The lyrics to this song were written by Carl Sigman, an accomplished songwriter whose hits included "
It's All In The Game" and "
Pennsylvania 6-5000." In
The Carl Sigman Songbook, Sigman's son Michael tells the story:
"Early in 1953, British orchestra leader Frank Chacksfield topped the charts with an instrumental arrangement of 'Ebb Tide,' a gorgeous, dramatic melody by the composer/classical harpist Robert Maxwell. Singers were clamoring to record it. The problem was that no lyric existed. Carl got an urgent call from the song's publisher, Jack Robbins, giving him the assignment to write 'Ebb Tide,' with the proviso that he must write the lyric within a few days. Maxwell had titled the song as he did because the music he wrote evoked what Carl described in an interview as 'the flowing quality of water, and particularly the rhythmic and building quality of the tides.' That was all well and good, but how do you write a lyric about ebb tide? As Carl told me when I was in my early twenties and helping him write a chapter for a book on songwriting, 'This assignment brought together all the difficulties which confront lyric writers, and all at one time.

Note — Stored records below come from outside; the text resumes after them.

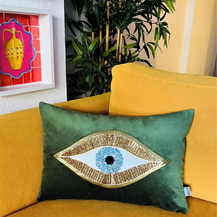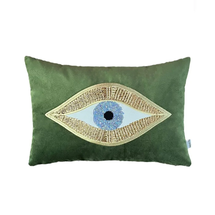 - Sequined Eye Embroidered Velvet Pillow Case (35 cm x 50 cm) - This product contains only pillowcases. Pillow inside is not included - The back and front of our pillowcases are made of velvet fabric - Our pillowcases come in gift wrapping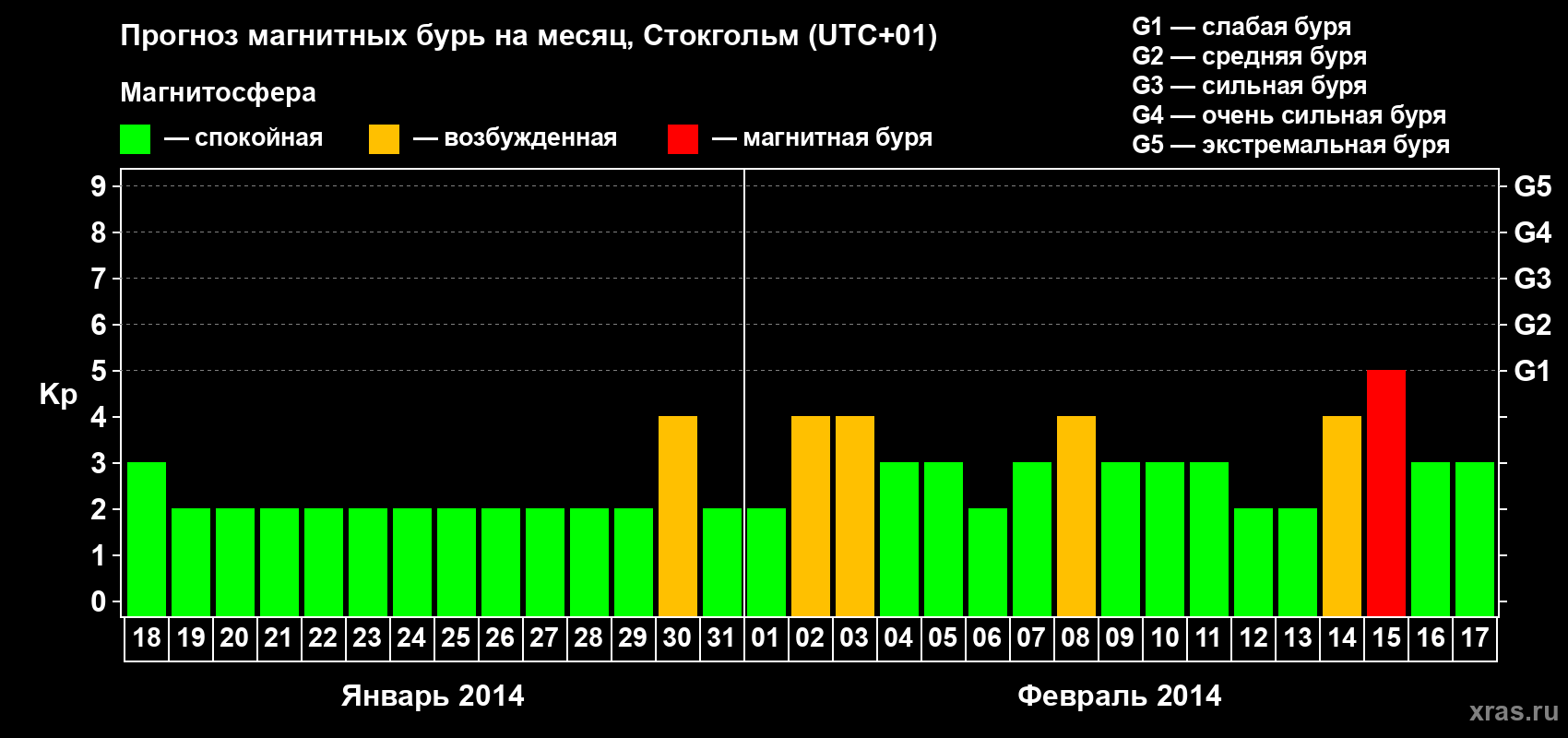 Прогноз магнитных бурь в Стокгольме — 18 января 2014 года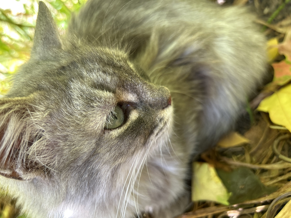 - "A close-up, high-angle portrait shot captures a long-haired domestic cat with grey and silver fur, featuring lighter white fur prominent on its chest and around its muzzle" by FM-kJsX23, licensed under CC BY 4.0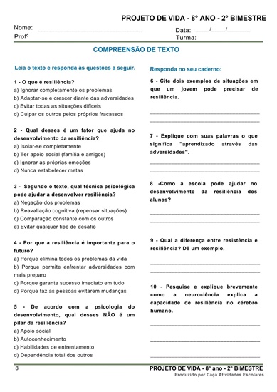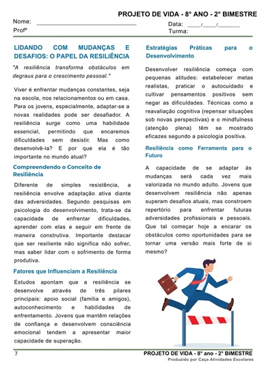 Esta apostila contém 8 ESTUDOS DIRIGIDOS de PROJETO DE VIDA para o 8º ano do Ensino Fundamental 2, referente ao 2º bimestre de 2025.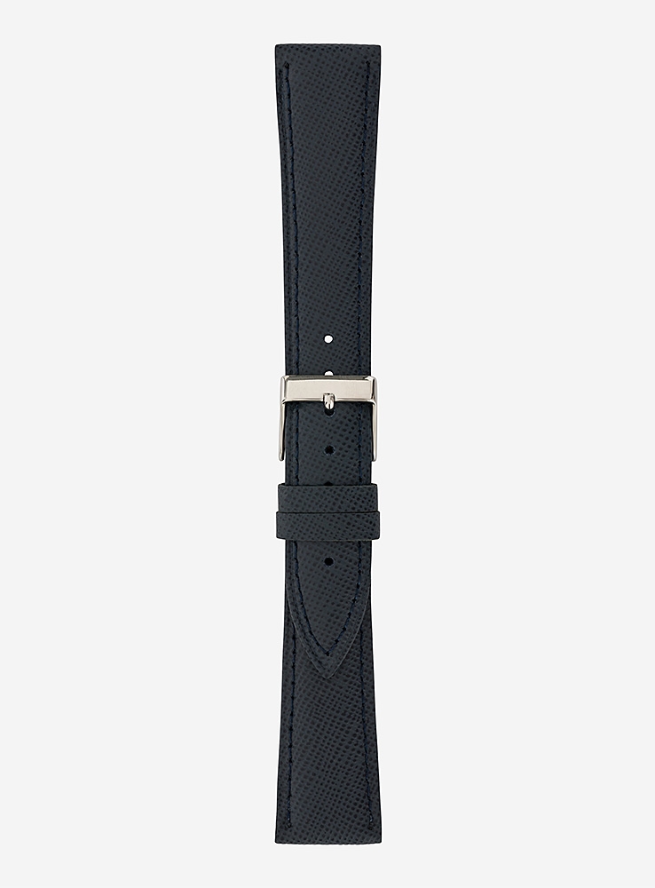 Cinturino per orologio in vitello stampa saffiano, pelle italiana. Fibbia in acciaio, fodera in vera pelle, finitura semi-ribordata e struttura semi-imbottita con cuciture.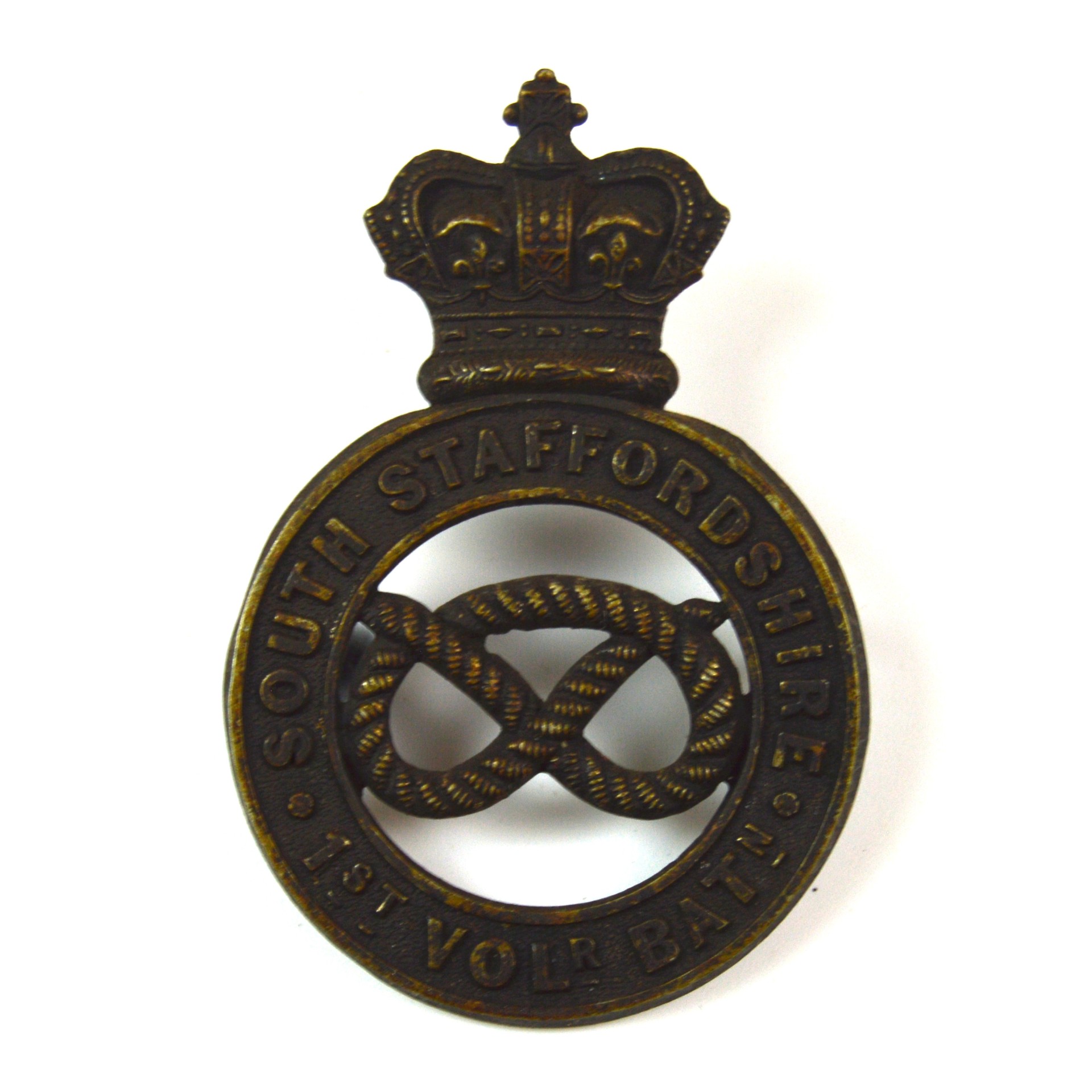 An original Victorian-era Glengarry badge worn by the 1st Volunteer Battalion of the South Staffordshire Regiment, dating from approximately 1878 to 1902. This pattern represents the early insignia worn by Volunteer Force units before the formation of the Territorial Force in 1908.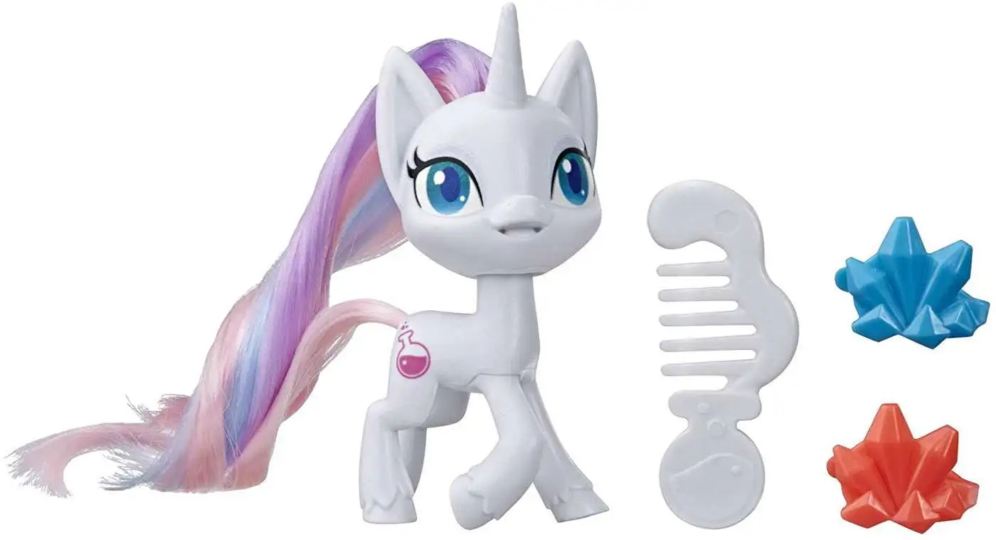 This Potion Nova Potion Pony 3-inch figure is a white pony toy with a pink, blue, and purple mane and tail. Figure comes with a comb and 4 surprise hair play accessories. Tear open the potion bottle-themed pack and pour out the accessories for styling her long brushable hair! Potion Ponies feature a reimagined form factor for a fresh and adorable take on the original My Little Pony figure design. Also look for Fluttershy, Twilight Sparkle, Applejack, Pinkie Pie, and Trixie Lulamoon Potion Pony figures to share accessories and imagine adventures in Equestria! (Each sold separately. Subject to availability.)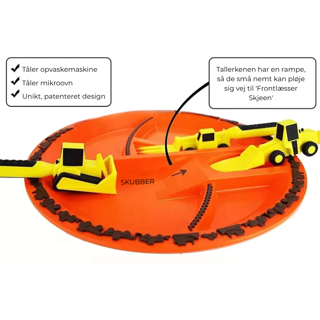 Inspireret af biler og byggepladser kombinerer hvert stykke funktionalitet med leg – perfekt til små chauffører, der elsker at lege, mens de spiser.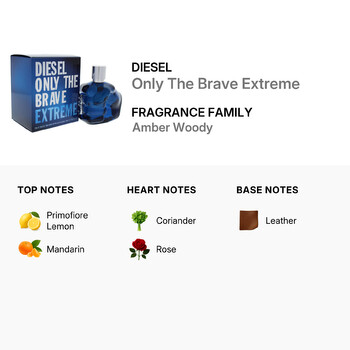 Belonging to the Amber Woody fragrance family, Only The Brave Extreme opens with a burst of fresh Primofiore lemon and juicy mandarin. These vibrant top notes create an energizing first impression that instantly grabs attention. As the scent develops, heart notes of warm coriander and romantic rose add a spicy yet refined edge, giving the fragrance a unique and balanced character.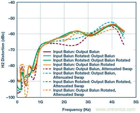 乍一看相當簡單,但魔鬼隱藏在細節中。圖3顯示了一組HD2測試結果,其系使用本框圖中的所有器件、差分放大器、巴倫、衰減器等得到的。這些測試證明:僅僅用不同方式翻轉巴倫方向所導致的細微相位不匹配,便能在HD2掃頻中產生不同結果。此設置中有兩個巴倫,因此通過顛倒設置一側或兩側的連接可以創建四種可能的場景。結果如圖3所示。

Usually when we get melodies to write lyrics to, the tunes either have no titles at all or titles, which somehow fit naturally into the tune, with respect to accents and meter. 'But 'Ebb Tide'? I knew from the start that those words would never fit into that tune, and in addition I had no idea what kind of meaningful lyric I would write that would even remotely connect itself to the title.'
Carl spent the next four fitful days writing and discarding lyric ideas, all the while staving off the incessant calls of the publisher demanding results. Finally, my father put the song aside. 'I decided to just take a rest, go to a movie and start thinking about it again the next day.' When he opened the paper to check the day's listings, his eye was immediately captured by an ad for
From Here To Eternity, the film that jump-started Frank Sinatra's flagging career. The image in the ad was not of the Chairman of the Board, however, but of the famous scene in which Burt Lancaster and Deborah Kerr are locked in an embrace on the beach as the tide washes over them. Carl never made it to the theater, but he had finally found the key to 'Ebb Tide.' 'It seemed so natural and simple that I couldn't understand why I hadn't thought of it before.' The lyrics suddenly poured out 'with scarcely a moment of reflection.' The lyric for this melody couldn't be dictated by typical songwriting conventions; there would be no chorus, nor would there be any mention of the title. Rather, the lyric would embody an association of ideas spurred by the image of lovers in the tide. 'If listened in the right frame of mind,' Carl told me, 'the melody rises and falls in a way which uncannily resembles an orgasm, with one of the most stirring climaxes I've ever heard followed by a beautifully relaxed, restful and contented ending. At the same time, this rising and falling is a perfect symbolization of the movements of the tide. Now the connection begins to come into focus: two lovers meet on a beach, their expectations rise together as the tide is rising, they love, and they are at peace together as the tide ebbs. And the beach and tides (helped by their association with the moon) are as romantic as any setting could hope to be. The whole wedding of the tune to the lyric (or, I should say, of lyric to the tune) is the most natural, the best and the easiest (once the idea was there) I've ever written.' And all this gets expressed in fewer than 100 words."